Please enable JavaScript to view this site.

This guide is for an old version of Prism. Browse the latest version or update Prism
 Analysis checklist: Simple linear regression

Can the relationship between X and Y be graphed as a straight line?

In many experiments the relationship between X and Y is curved, making linear regression inappropriate. It rarely helps to transform the data to force the relationship to be linear. Better, use nonlinear curve fitting.

Is the scatter of data around the line Gaussian (at least approximately)?

Linear regression analysis assumes that the scatter of data around the best-fit line is Gaussian. In other words, it assumes that the residuals (the vertical distances of the points from the best-fit line) are sampled from a Gaussian (normal) distribution.

Is the variability the same everywhere?

Linear regression assumes that scatter of points around the best-fit line has the same standard deviation all along the curve. The assumption is violated if the points with high or low X values tend to be further from the best-fit line. The assumption that the standard deviation is the same everywhere is termed homoscedasticity. (If the scatter goes up as Y goes up, you need to perform a weighted regression. Prism can't do this via the linear regression analysis. Instead, use nonlinear regression but choose to fit to a straight-line model.

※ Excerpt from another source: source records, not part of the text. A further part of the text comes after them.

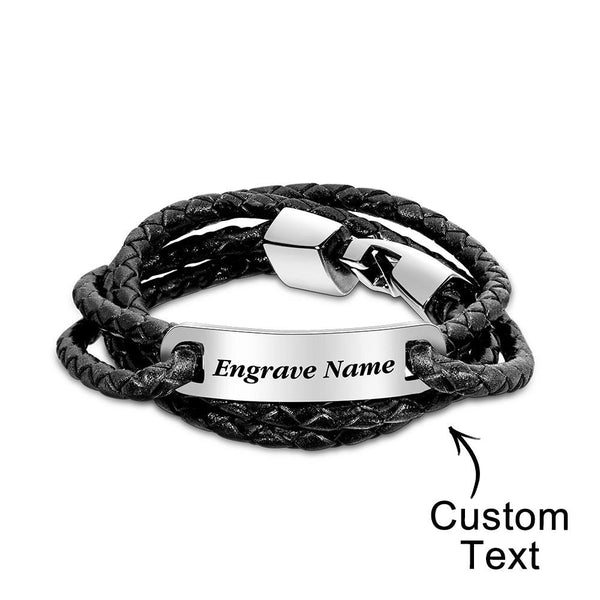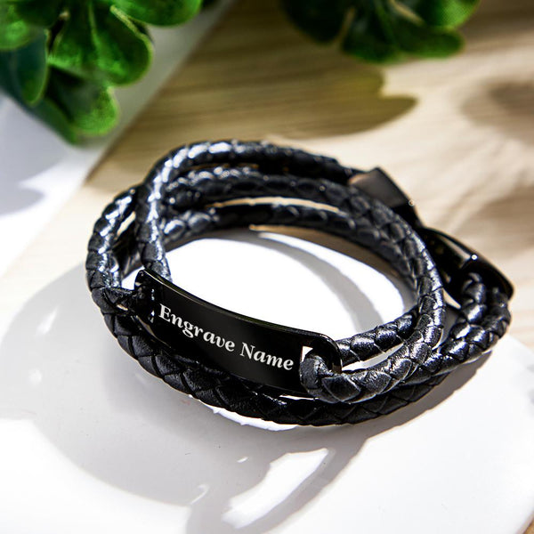 Personalized Leather Bracelet With Name Engraved Multi-Wrap Bracelet Gifts For Him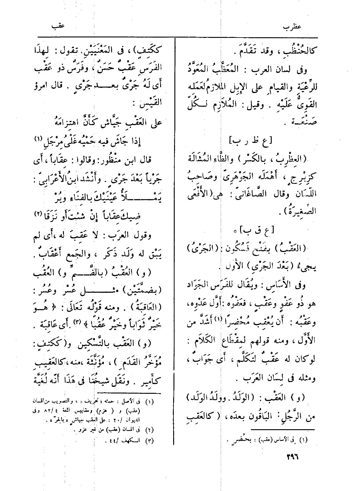 قَالَ ابْن منْظُور: وَقَالُوا: عِقَاباً، أَي جَرْياً بَعْدَ جَرْيٍ. وأَنْشَد ابنُ الأَعْرَابِيّ: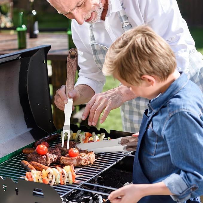 - 【DURABLE EXTRA THICK STAINLESS STEEL】Crafted from robust Heavy Duty stainless steel,the grilling tools are rust-proof and built to last.Each grilling tools is designed to withstand multiple uses without bending or cracking,ensuring that your grilling adventures remain enjoyable.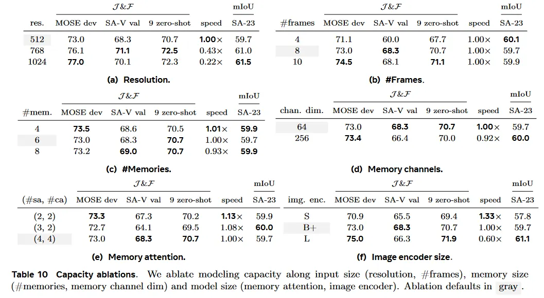 이미지 encoder 또는 memory-attention(#self-/#cross-attention block)에서 더 많은 수용량을 추가하면 일반적으로 결과를 개선한다. Table 10e, 10f 참조. 이미지 encoder를 확장하면 이미지와 비디오 메트릭 모두에서 이익을 가져오는 반면 memory-attention을 확장하는 것은 비디오 메트릭만 개선한다. 우리는 속도와 정확도 사이의 균형을 맞추기 위해 B+이미지 encoder를 default로 사용한다.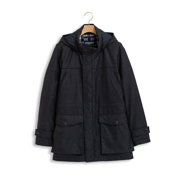 メランジ調の素材で都会的なダウンコート。撥水・防風・透湿性に優れた機能素材「McG TECHNO」を使用。異素材使いやパイピングが見た目のアクセント。冬の都会で過ごす大人の着こなしを楽しみたい。

Do you know the X values precisely?

The linear regression model assumes that X values are exactly correct, and that experimental error or biological variability only affects the Y values. This is rarely the case, but it is sufficient to assume that any imprecision in measuring X is very small compared to the variability in Y.

Are the data points independent?

Whether one point is above or below the line is a matter of chance, and does not influence whether another point is above or below the line.

Are the X and Y values intertwined?

If the value of X is used to calculate Y (or the value of Y is used to calculate X) then linear regression calculations are invalid. One example is a Scatchard plot, where the Y value (bound/free) is calculated from the X value. Another example would be a graph of midterm exam scores (X) vs. total course grades(Y). Since the midterm exam score is a component of the total course grade, linear regression is not valid for these data.